Islam memandang bahwa setiap anak yang lahir ada jaminan rezeki dari Allah. Maka, tugas lanjutannya adalah mengelola bumi dengan baik dan menciptakan sistem distribusi kekayaan yang adil agar setiap ayah yang pulang mampu membawa cukup uang untuk keluarganya, agar seorang Ibu berbelanja bisa sesuai dengan kebutuhannya, agar seorang kakak mudah mendapat pekerjaan impiannya, atau adik yang tidak terancam pendidikannya.

 Islam menolak kapitalisme yang hanya menguntungkan segelintir orang dan menciptakan kemiskinan struktural yang massal.
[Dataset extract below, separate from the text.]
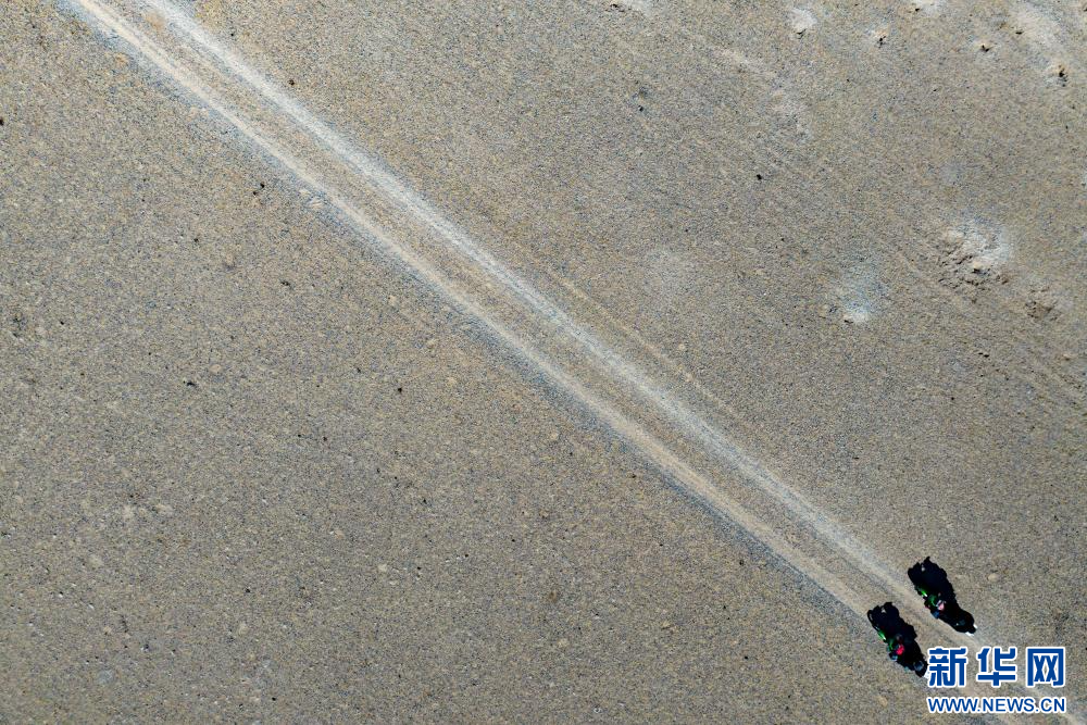 4月14日,野保員在色林錯(cuò)國家級(jí)自然保護(hù)區(qū)進(jìn)行日常巡邏(無人機(jī)照片)。新華網(wǎng) 旦增努布 攝
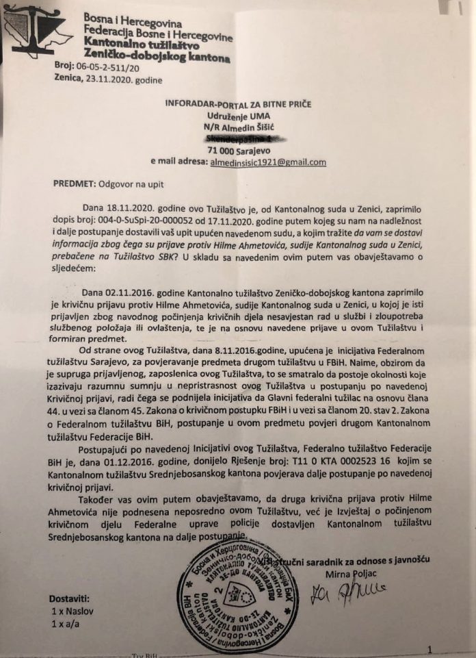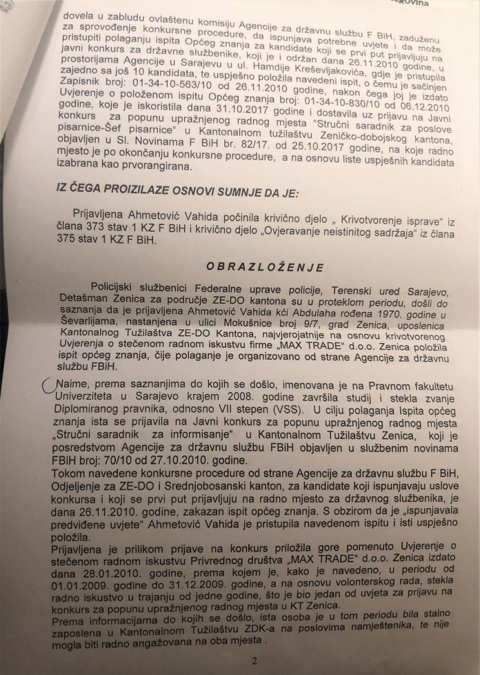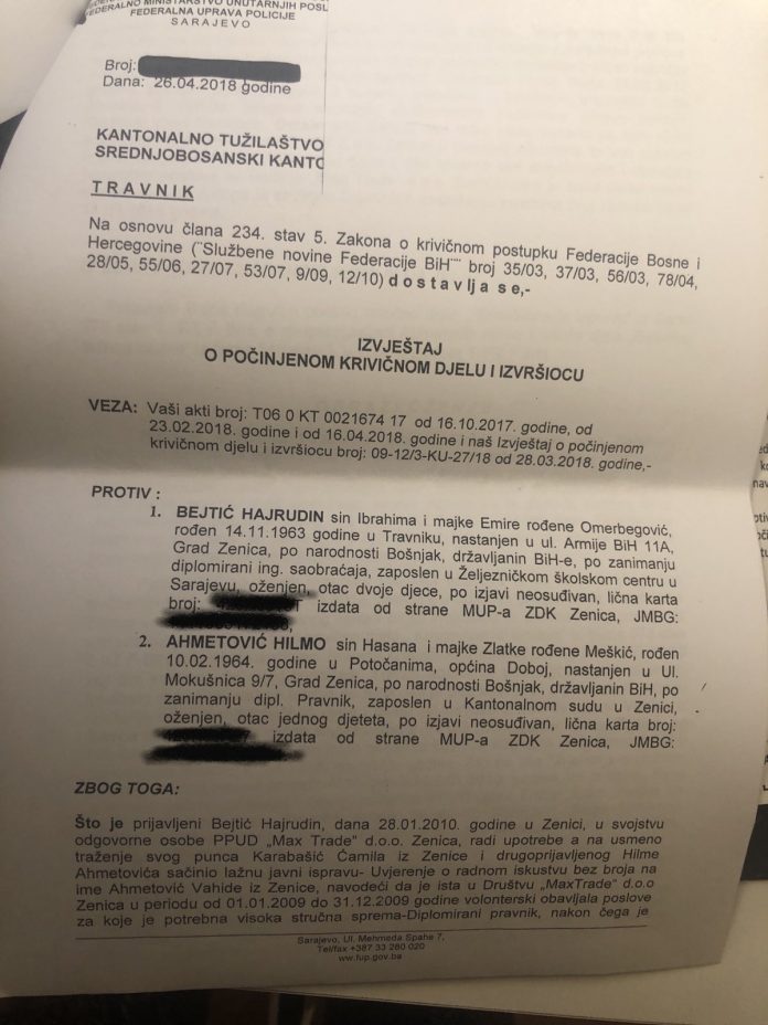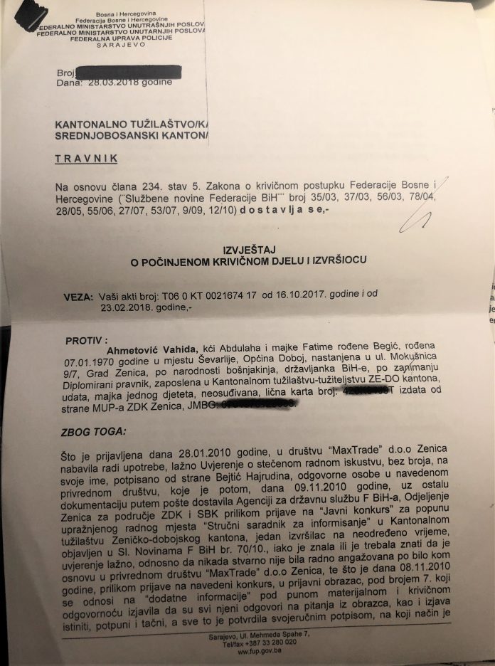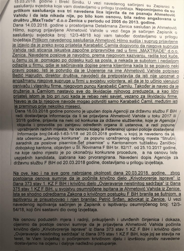 „Vezano za Vaš upit koji se odnosi na postupanje u predmetu Ahmetović Vahida i drugi, obavještavamo vas da je Federalna uprava policije, Terenski ured Sarajevo, Detašman Zenica, pod nadzorom tužilaštva SBK provela istragu i nakon prikupljenih činjenica i dokaza u vezi konkretnog podnijela Izvještaje o počinjenom krivičnom djelu i izvršiocima protiv: Ahmetović Vahide, uposlenice KT ZDK zbog krivičnih djela ‘krivotvorenje isprave’ i ‘ovjeravanje neistinitog sadržaja’, a vezano za prijavu uposlenice KT ZDK Ahmetović Vahide na Javni konkurs u pogledu popune pozicije stručnog saradnika za poslove pisarnice-šef pisarnice u KT ZDK, a koji je objavljen dana 25.10.2017. u ‘Službenim novinama FbiH’ broj 82/17. Istovremeno napominjemo da je u konkretnom slučaju podnesen izvještaj o počinjenom krivičnom djelu i izvršiocima protiv Bejtić Hajrudina, koji je sačinio lažnu ispravu-uvjerenje o radnom iskustvu Ahmetović Vahide u društvu Max trade doo Zenica, iako je znao da navedene poslove imenovana nije obavljala u društvu Max trade. Također, Izvještaj je dostavljen i protiv Ahmetović Hilme, koji je suprug prijavljene Ahmetović Vahide, a ujedno i sudija Kantonalnog suda u Zenici, zbog toga što je u svojstvu svjedoka u krivičnom predmetu protiv Ahmetović Vahide policijskim službenicima FUP-a svjesno dao lažni iskaz vezano za radni angažman njegove supruge Ahmetović Vahide u  društvu Max trade doo Zenica, iako je znao da taj navod nije tačan. U pogledu navedenog, ova Uprava nikada nije obavještena zvanično kako od KT SBK tako i od Općinskog suda Travnik o krajnjem ishodu postupka po podnesenim Izvještajima protiv navedenih lica“, odgovorili su iz FUP-a na pitanja Inforadara.

Solusi Islam bukan membatasi kelahiran, melainkan menata ulang sistem ekonomi agar berkeadilan, kepemilikan rakyat atas sumber daya dan tanggung jawab penuh negara terhadap pemenuhan kebutuhan mereka.

Sudah saatnya narasi sumbang yang menyalahkan rakyat miskin dihentikan. Bukan jumlah anak yang perlu diubah, tetapi sistem ekonomi yang diubah karena gagal menciptakan kesejahteraan yang merata. Sudah saatnya sistem ekonomi Islam mulai didiskusikan, karena ia menempatkan manusia dan keadilan sebagai pusat kebijakan.

Sudah saatnya narasi yang menyalahkan rakyat miskin dihentikan. Bukan jumlah anak yang perlu dibatasi, tetapi sistem ekonomi yang harus dibenahi. Ketimpangan ekonomi harus ditangani dengan reformasi struktural, bukan dengan pengendalian tubuh warga miskin. Pemerintah dan masyarakat sipil perlu membuka ruang diskusi kebijakan yang lebih adil, termasuk mengevaluasi sistem distribusi kekayaan, memperluas akses perlindungan sosial, dan mempromosikan ekonomi berbasis keadilan distributif.

Selain itu, sudah waktunya sistem ekonomi Islam dipertimbangkan sebagai alternatif: bukan karena identitas agama semata, tetapi karena menawarkan model keseimbangan antara hak individu, tanggung jawab sosial, dan keadilan struktural. Inilah langkah konkret untuk menciptakan kesejahteraan yang sejati, bukan sekadar kosmetik kebijakan yang represif.